Schemes like Voronoi tesselation are used for solving differential equations. They have good geometric properties for that. But here there is a particular issue. There are many months of data, and stations drop in and out of reporting. It's laborious to produce a new mesh for each month, and Voronoi-type tesselations can't be easily adjusted.
Binary tree schemes
I've developed schemes based on rectangle splitting, which lead to a binary tree. The 360x180 lon/lat rectangle is divided along the mean longitude of stations. Then the rectangle with longest side is divided again, along the lat or lon which is the mean for stations in that rectangle. And so on, but declining to divide when too few stations would remain in one of the fragments. "Too few" means 2 at the moment, but could be refined according to the length of observations of the stations. There's also a minimum area limit.
That's done at the start. But as we go through month by month, some of those rectangles are going to have no data. That's where the binary tree that was formed by the subdivision comes in. It is the record of the divisions, and they can be undone. The empty cell is combined with the neighbor from which it was most recently split. And, if necessary, up the tree, until an expanded cell with data is found.
WeightsIn binary tree terminology, the final set of rectangles after division are the leaves, and adding a notional requirement that for each month each cell must contain data leads to some pruning of the tree to create a new set of leaves, each being a rectangle with at least one data point. Then the inverse density estimate is formed as before - the cell area divided by the number of data. Those are the weights for that month for each cell.
Does it work?Yes. I've produced a version of TempLS V2 with this kind of meshing. A picture of the adapted mesh for Dec 2008, GHCN, is above. I'll show more.

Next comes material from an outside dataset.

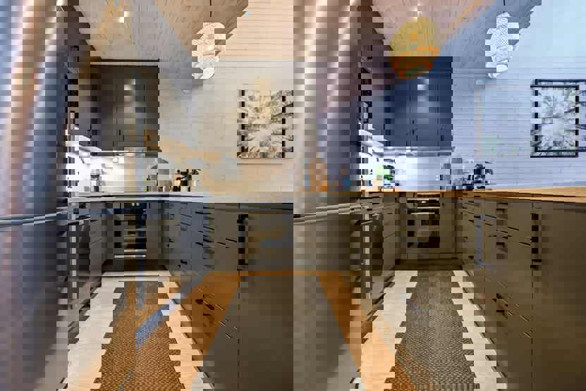 Køkkenet indeholder: keramiske kogeplader med ovn, køleskab, frys, opvaskemaskine, microovn.

The mesh manipulations, month to month, take time. I've been able to reduce the run time for a Land/Sea GHCN run to well under a minute, but the irregular mesh doubles that. I'm hoping to improve by reducing the number of tree pruning ops needed.
ResultsI did a run from 1979 to 2008. Here are the trends using standard TempLS and the irregular grid version. At this stage, I just want to see that the results are sensible.
And here is a superimposed plot of annual temperatures:
So what was achieved?Not much yet. The last plot just shows that the irregular mesh gives similar results - nothing yet to show they are better. I may do a comparison with GISS etc, but don't expect to see a clear advantage.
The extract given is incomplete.